CARS worked night and day and fought back hard against the changes, which were also opposed by manufacturers such as Toyota (which produces relatively few lemons compared with GM and Ford), but most legislators caved in to GM, Ford, and the CAOC. Notable exceptions, who sided with consumers: Assemblymembers Rebecca Bauer-Kahan, Dr. Jasmeet Bains, Jacquie Irwin, and Cottie Petrie-Norris, and Senators Marie Alvarado-Gil, Angelique Ashby, Susan Talamantes Eggman, and Roger Niello.
* Here’s the actual quotation from the GM-Ford-CAOC changes to the lemon law
(AB 1755):
California Code of Civil Procedure Section 871.24.

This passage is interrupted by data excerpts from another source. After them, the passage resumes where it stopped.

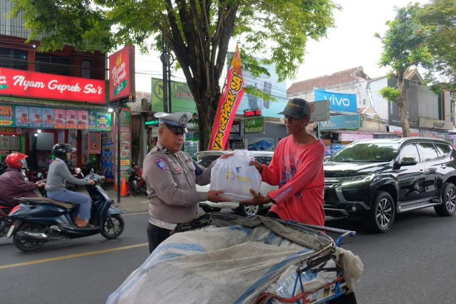 Paket berisi kebutuhan pokok itu langsung dibagikan personel Satlantas ke titik-titik keramaian.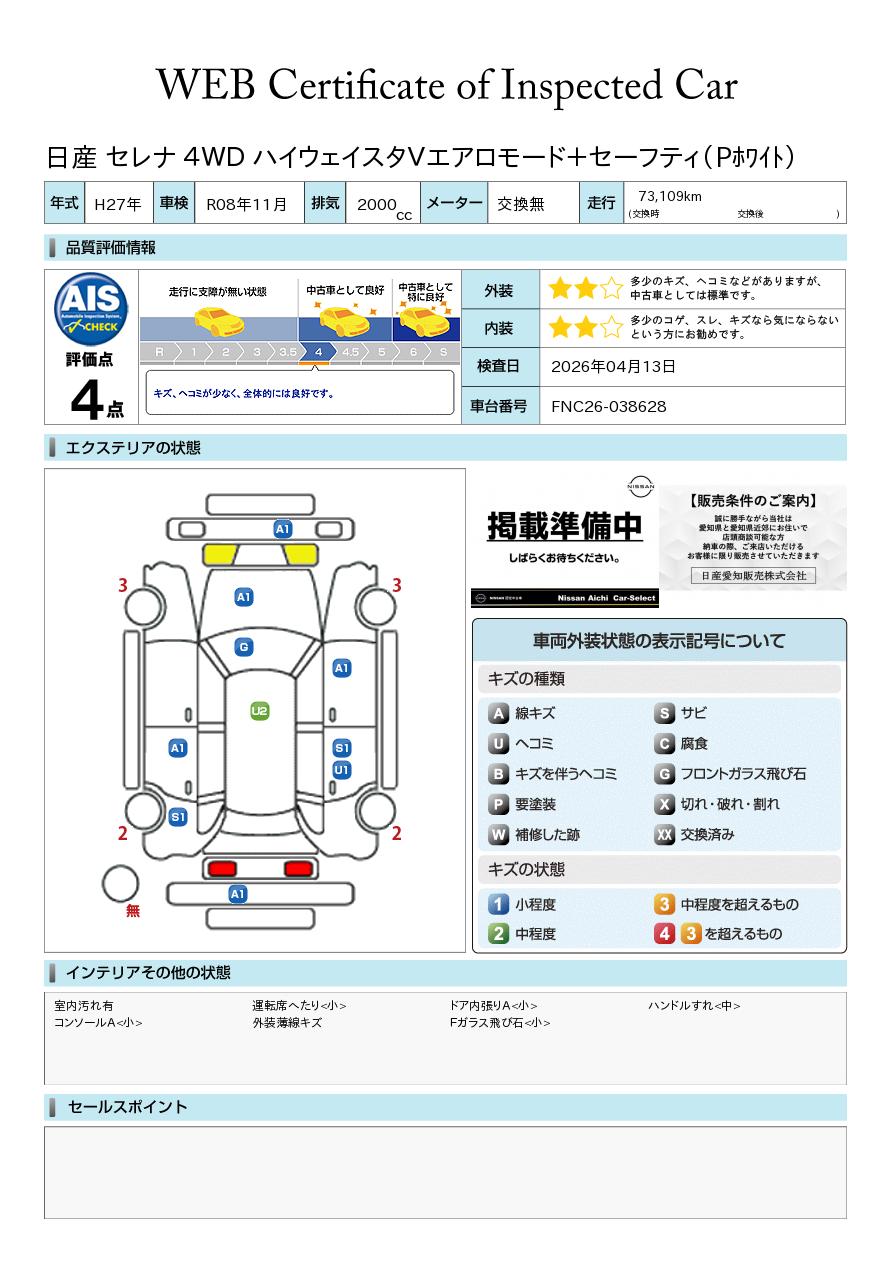 セレナ 1400cc 1.4 e-4ORCE ハイウェイスターV 4WD 防水シート/AWINエアロ/寒冷地仕様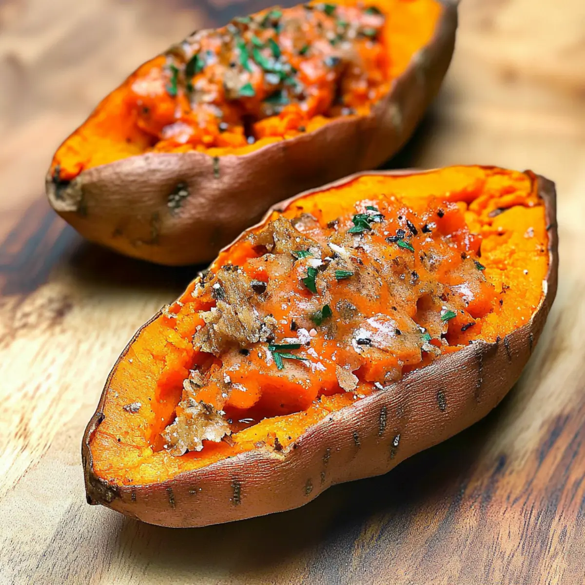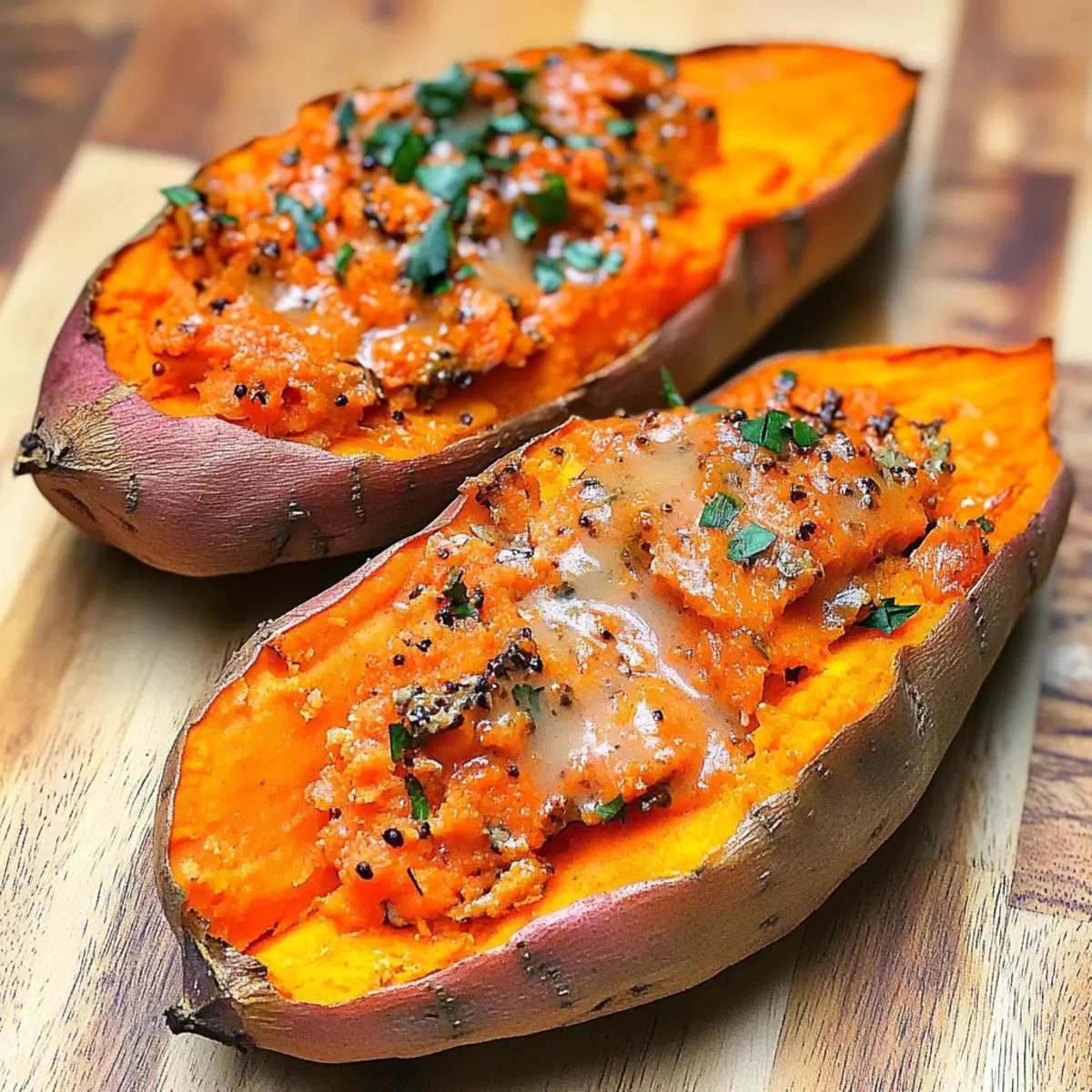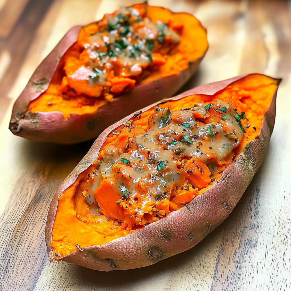 Savory Boost: Enhance your baked sweet potatoes with sautéed garlic and spinach for a nutritious pop of flavor. This combination adds a lovely earthiness and depth, making your dish even more satisfying.

(a) At least 30 days prior to the commencement of an action seeking civil penalties under subdivision (c) of Section 1794 of the Civil Code, the consumer shall do all of the following:
(1) Notify the manufacturer of the consumer’s name, the accurate Vehicle Identification Number (”VIN”) of the motor vehicle, and a brief summary of the repair history and problems with the motor vehicle.
(2) Demand that the manufacturer repurchase or replace the motor vehicle.

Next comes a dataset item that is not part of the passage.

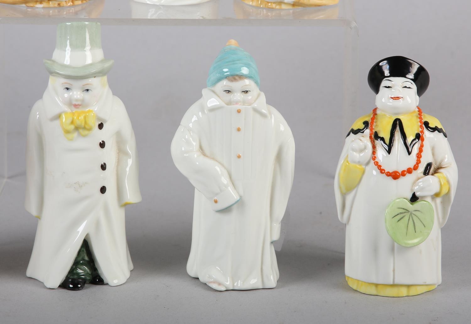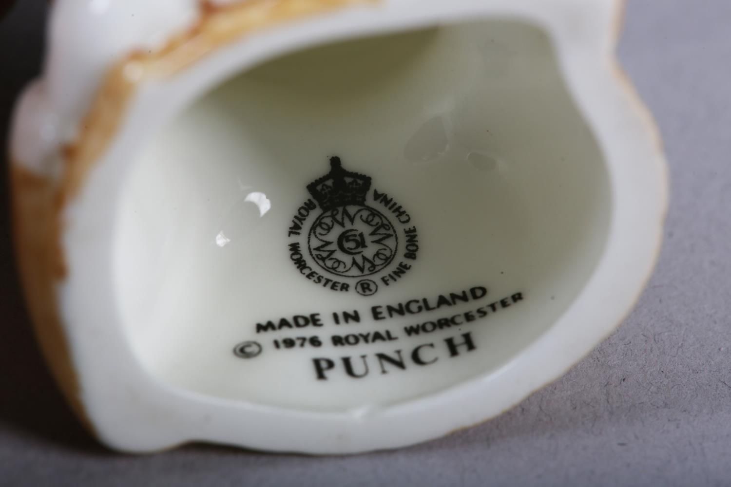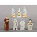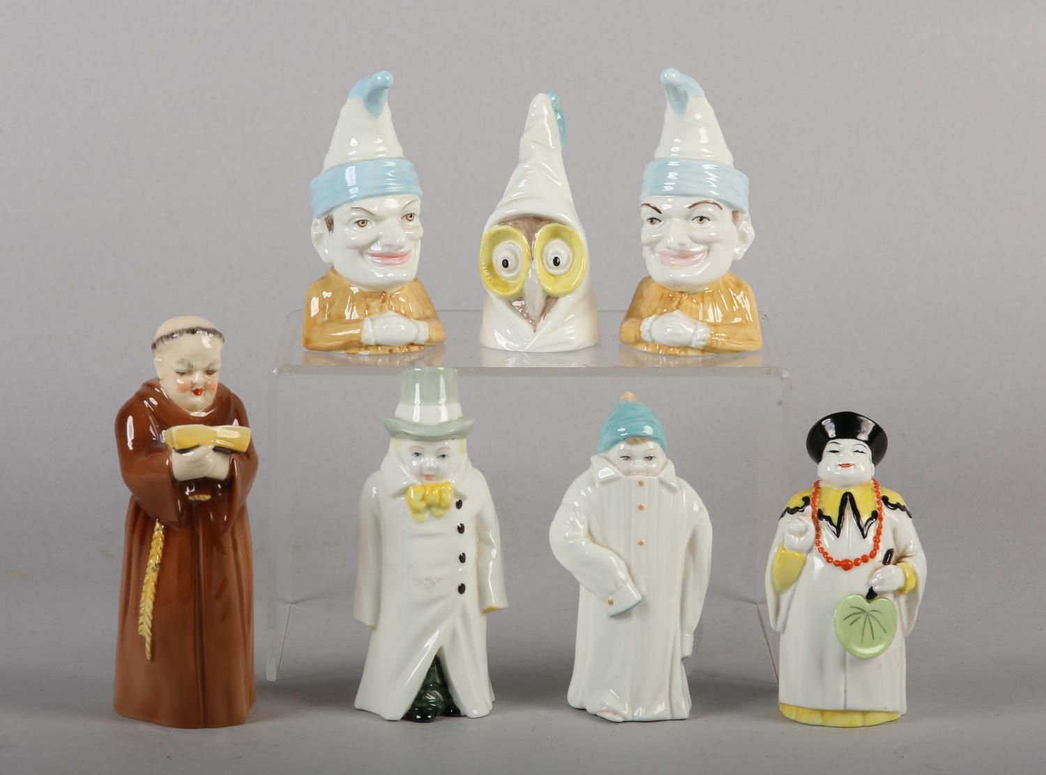 SEVEN ROYAL WORCESTER PORCELAIN CANDLE SNUFFERS, including Monk, Toddie, Budge, Mandarin, Owl, Punch (2), 8cm to 12cm high

(b) Minor deviations in the notice submitted pursuant to subdivision (a) shall not disqualify consumers from seeking civil penalties.
(c) At the time that notice submitted pursuant to subdivision (a) is sent, the consumer shall have possession of the motor vehicle.
(d) The notice required by subdivision (a) shall be in writing and shall be sent either by email to the email address prominently displayed on the manufacturer’s website for this purpose or by certified or registered mail, return receipt requested, to the address provided by the manufacturer in the owner’s manual or warranty booklet. The notice information on the manufacturer’s website, owner’s manual, and warranty booklet shall be provided in both English and Spanish.
** Here’s the actual quotation from the opt-out bill,
SB 26, that requires auto lemon owners to inform the buyers IN WRITING about the problems with the vehicle and any legal action they may bring — even if the buyer is the dealer who has been attempting to repair the car, and is already familiar with its history.
(i) If a consumer sells their vehicle as authorized by subdivision (g), the consumer may not seek civil penalties under subdivision (c) of Section 1794 of the Civil Code unless the consumer provided to the prospective buyer or recipient of the vehicle, prior to the sale, written notice of the basis for the consumer’s request for restitution or replacement from the manufacturer and of any pending action described in subdivision (a) of Section 871.20.